Multikine (Leukocyte Interleukin, Injection) is the full name of this investigational therapy, which, for simplicity, is referred to in this report as Multikine. Multikine is the trademark that the Company has registered for this investigational therapy, and this proprietary name is subject to FDA review under the Company’s future anticipated regulatory submission for approval. Multikine has not been licensed or approved by the FDA or any other regulatory agency. Neither has its safety or efficacy been established for any use.
The Company also owns and is developing a pre-clinical technology called LEAPS (Ligand Epitope Antigen Presentation System).
All the Company’s projects are under development. Consequently, the Company cannot predict when it will be able to generate any revenue from the sale of any of its products.
Since inception, the Company has financed its operations through the sale of equity securities, convertible notes, loans and certain research grants. The Company’s expenses will continue to exceed its revenues as it continues the development of Multikine and brings other drug candidates into clinical trials. Until the Company becomes profitable, any of these financing vehicles or others may be utilized to assist in funding the Company’s capital requirements.
Capital raised by the Company has been expended primarily for patent applications, research and development, administrative costs, the construction of the Company’s manufacturing and laboratory facilities and the Company’s Phase 3 clinical trial. The Company does not anticipate realizing significant revenues until entering into licensing arrangements for its technology and know-how or until it receives regulatory approval to sell its products (which could take several years). Thus, the Company has been dependent upon the proceeds from the sale of its securities to meet all its liquidity and capital requirements and anticipates having to do so in the future.
The Company will be required to raise additional capital or find additional long-term financing to continue with its research efforts. The ability to raise capital may be dependent upon market conditions that are outside the control of the Company. The ability of the Company to complete the necessary clinical trials and obtain FDA approval for the sale of products to be developed on a commercial basis is uncertain. Ultimately, the Company must complete the development of its products, obtain the appropriate regulatory approvals and obtain sufficient revenues to support its cost structure. There can be no assurance that the Company will be able to raise sufficient capital to support its operations.

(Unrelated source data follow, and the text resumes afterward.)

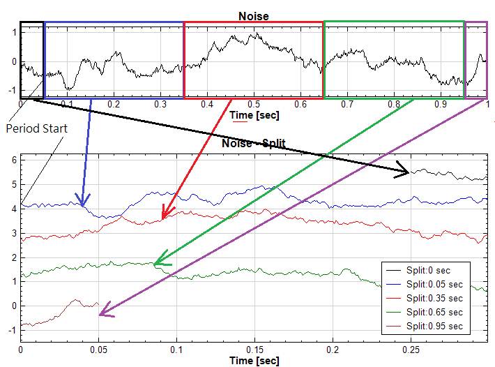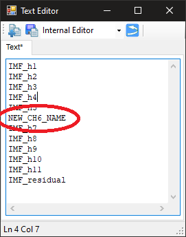 輸出訊號為頻譜時(如 STFT 的結果),第一欄為時間軸,第二、三欄為時頻圖中第一橫列的實部及虛部,第四、五欄為第二橫列的實部與虛部,以此類推。對照時頻圖,每一橫列皆代表一個頻率,然此頻率的數值必須從檔頭(header) 中的 # StartFreq 以及 # FreqInterval 來推算,沒有直接顯示在檔案裡。
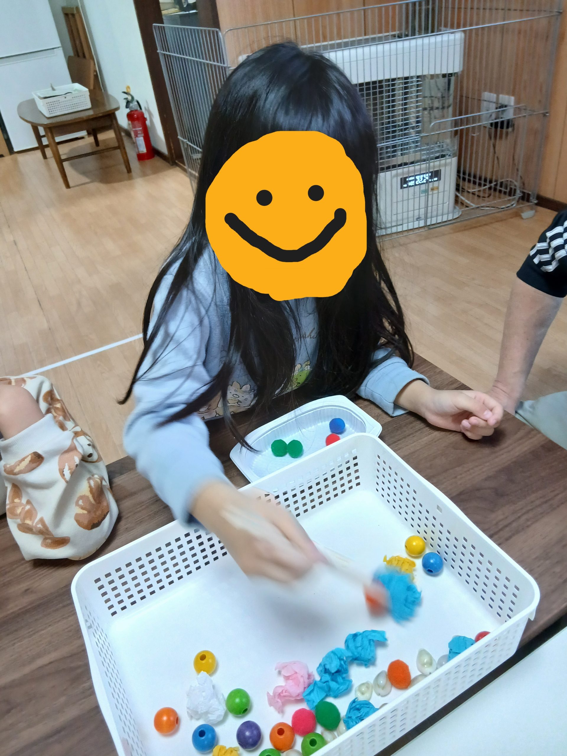 11月11日はお箸の日、ということでお箸の練習をしました! お箸の持ち方を改めて確認し、色々な形をしたおもちゃなど...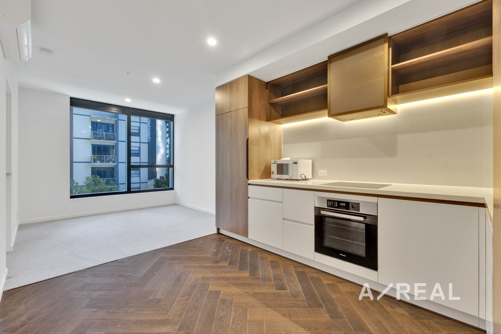 The state-of-the-art kitchen is equipped with premium Miele appliances, sleek cabinetry, and elegant stone countertops—perfect for culinary enthusiasts and hosting guests. The sophisticated bathroom showcases exquisite finishes, including a rainfall shower and ample storage, ensuring a serene retreat.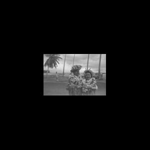 35 mm black-and-white negative; photographed by Carleton Mitchell; man and woman on beach; Tahiti; taken after the Transpacific Race; 1959; handwritten on original envelope "R 26371 C C6" (corresponds to original Mitchell contact sheet); printed on negative frame number "15".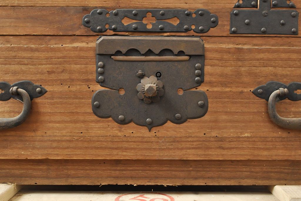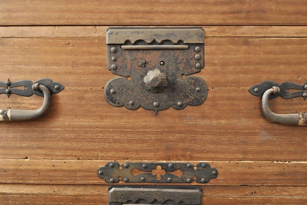 和箪笥 > 和製アンティーク 最上級 総桐材 五丁引き 立派な金具が目を引く上手物の関東衣装箪笥(和たんす、桐たんす、桐箪笥、重ね箪笥)(R-053028)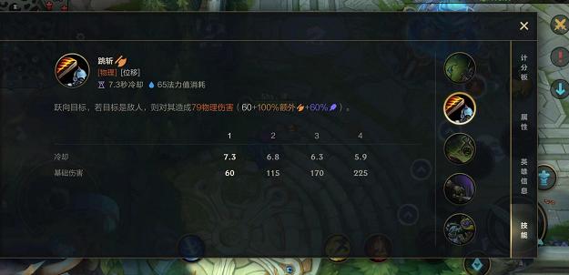 2:在对线的时候,一般不会先使用蓄力再使用跳斩,因为蓄力技能可以刷新普通攻击,还可以增加攻击距离。所以对线正常用平A蓄力或者是跳斩平A蓄力来进行消耗。对线时可以刻意在敌方兵多地方跟敌人打,直接开启反击风暴技能,吸引小兵仇恨之后,把伤害提高满,打完爆发晕住敌人就跑,等待下一次冷却cd。
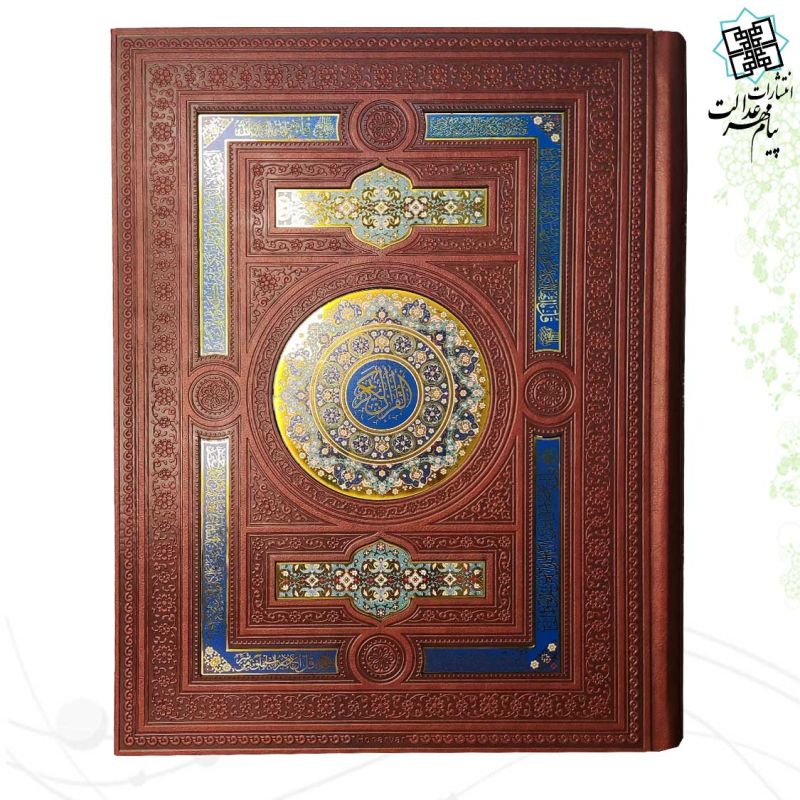 قرآن رحلی بدون ترجمه گلاسه ترمو قهوه ای جعبه دار پلاک دار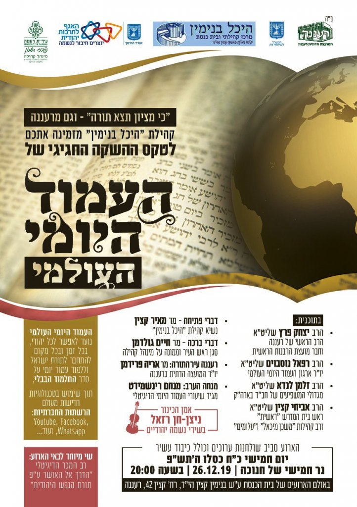 מרעננה תצא תורה! טקס השקה חגיגי למיזם שעשוי לכבוש את עולם היהדות – העמוד היומי העולמי. כמו הדף היומי אבל

Since the Company launched its Phase 3 clinical trial for Multikine, the Company has incurred expenses of approximately $57.7 million as of June 30, 2020 on direct costs for the Phase 3 clinical trial. The Company estimates it will incur additional expenses of approximately $5.3 million for the remainder of the Phase 3 clinical trial. It should be noted that this estimate is based only on the information currently available in the Company’s contracts with the Clinical Research Organizations responsible for managing the Phase 3 clinical trial and does not include other related costs, e.g., the manufacturing of the drug. This number may be affected by foreign currency exchange rates, and many other factors, some of which cannot be foreseen today. It is therefore possible that the cost of the Phase 3 clinical trial will be higher than currently estimated.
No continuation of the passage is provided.